Petronas raises US$6bn on dollar bond return

3 min read
Emerging Markets, Asia
Jihye Hwang

Malaysia's state oil company Petroliam Nasional (Petronas), rated A2/A–/A–, has printed South-East Asia's biggest international bond on record, raising US$6bn in a three-tranche benchmark that also extends its curve to 40 years.

A US$2.25bn 3.5% 10-year portion priced at 98.736 to yield 3.652% or Treasuries plus 290bp, inside initial guidance of plus 340bp area.

A US$2.75bn 4.55% 30-year tranche priced at par, inside initial guidance of 5.00% area, and a US$1bn 4.8% 40-year bond came inside initial guidance of 5.25% area, also at par.

Despite pulling pricing 45bp–50bp tighter during bookbuilding, there was no major investor shakeout at final guidance with order books peaking at US$37bn, according to a banker on the deal.

"There was strong feedback for the rare high-quality EM issuer from global real money investors," said the banker.

The 144A/Reg S deal marks Petronas's first US dollar bond since it raised US$5bn across four tranches in 2015 – that deal being its first since 2009. The Malaysian government, rated one notch lower on the Moody's scale, has also stayed away from the US dollar debt market since 2016.


NEW POSITIONING

Petronas's latest offering came on a poor day for global oil prices, with the Brent crude benchmark sliding 6.7% to US$29.66. Last weekend's historic production pact between oil exporting nations, however, helped underpin sentiment, even though bankers stressed it had no impact on the timing of the deal.

A second banker on the deal said Petronas's primary objective was to position the credit at a narrow spread.

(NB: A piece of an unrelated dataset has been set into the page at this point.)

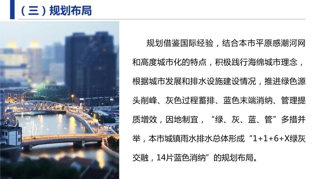 市政府批复同意《上海市城镇雨水排水规划(2020-2035年)》。《规划》提出本市城镇雨水排水规划目标,提出“绿、灰、蓝、管”多措并举的规划理念,明确了排水系统设计重现期和强排系统初期雨水截流标准。明确本市城镇雨水排水总体形成“1+1+6+X绿灰交融,14片蓝色消纳”的规划布局及规划任务。详见↓

Last month's market meltdown sent credit spreads soaring across the board, with Petronas's outstanding dollar bonds widening by more than 200bp. Its 4.5% 2045s hit 337bp over Treasuries on March 25, from 103bp a month earlier, and were around 292bp on Tuesday, according to Tradeweb.

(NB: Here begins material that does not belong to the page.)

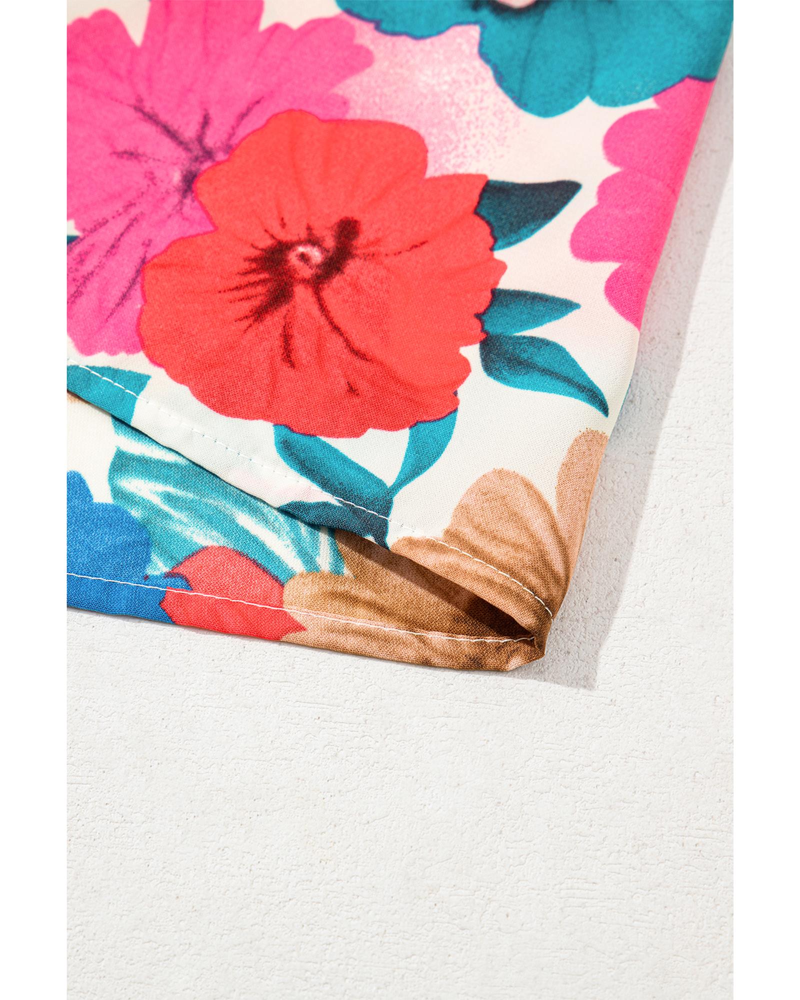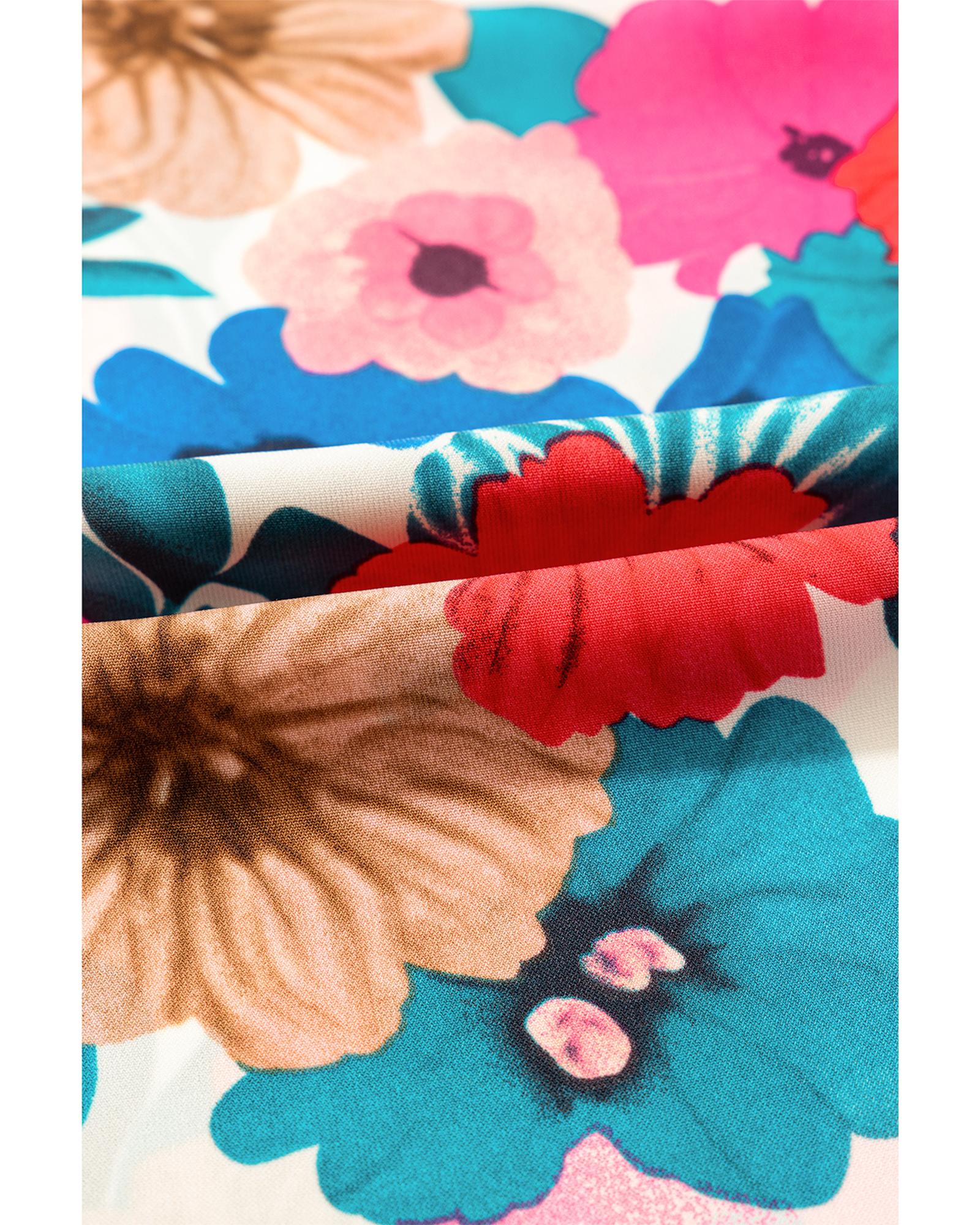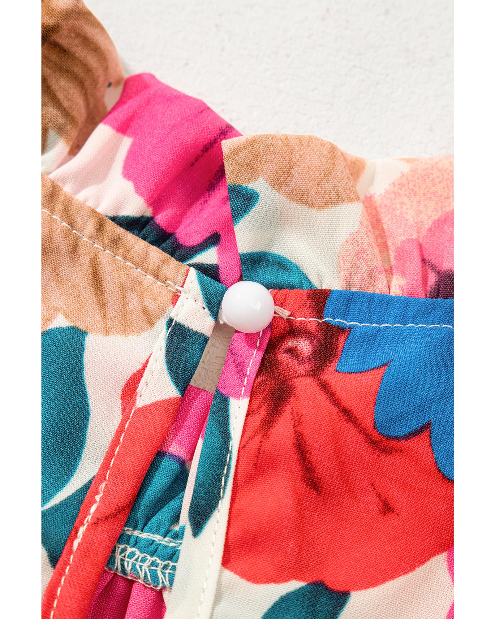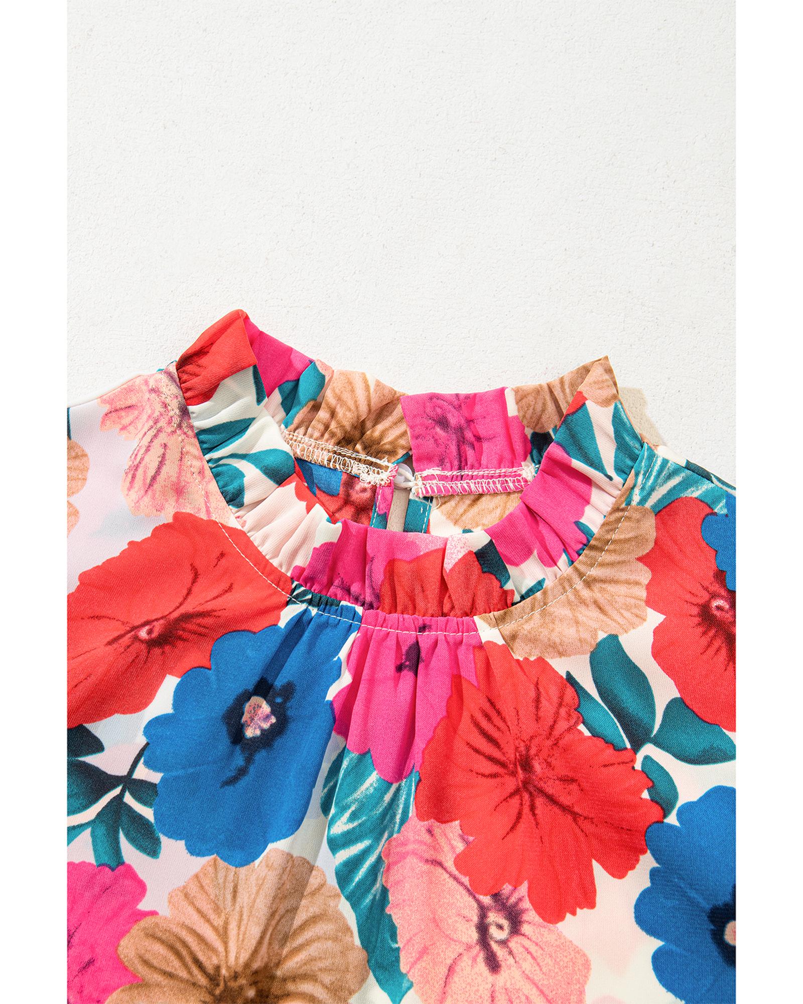 Sky Blue Floral Mock Neck Striped Flutter Sleeve Blouse – L

The second banker on the deal put the new issue concessions at 5bp-15bp, while a banker away from the deal estimated them at 35bp, 30bp and 30bp for 10-year, 30-year and 40-year tranche.

Demand for the new deal confirms that the US dollar market has reopened for Asian issuers after last month's sell-off, albeit at very different pricing levels.

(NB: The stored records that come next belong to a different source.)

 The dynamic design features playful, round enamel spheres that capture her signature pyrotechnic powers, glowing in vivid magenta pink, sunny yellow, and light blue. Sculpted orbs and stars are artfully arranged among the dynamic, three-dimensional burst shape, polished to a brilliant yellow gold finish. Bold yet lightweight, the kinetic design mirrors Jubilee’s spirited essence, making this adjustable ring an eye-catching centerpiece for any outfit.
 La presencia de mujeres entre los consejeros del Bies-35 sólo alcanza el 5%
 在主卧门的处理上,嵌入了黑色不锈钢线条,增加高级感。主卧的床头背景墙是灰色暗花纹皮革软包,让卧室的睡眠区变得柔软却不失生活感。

"In this market, the objective is to get size, it's not about pricing the market to the very last basis point," said the banker away from the deal.

The 40-year tenor – well beyond the Malaysian government's longest outstanding offshore benchmark at 2046 – reflected the issuer's strong credit and investors' appetite for duration in the current low-rate environment.

The bonds are said to have received orders of around US$23bn before the US open and a total of US$35bn at final guidance. Final distribution statistics were not available at the time of writing.

The bonds are trading around 40bp, 30bp and 40bp tighter for 10-year, 30-year and 40-year, respectively.

Wholly owned subsidiary Petronas Capital is the issuer and the parent Petronas is the guarantor.

The notes have expected ratings of A2/A– (Moody's/S&P) and will be drawn from a US$15bn global MTN programme.

Proceeds will be used for general corporate purposes, including capital expenditure and debt refinancing.

Bank of America and Citigroup were joint global coordinators as well as joint bookrunners with HSBC, Maybank and MUFG.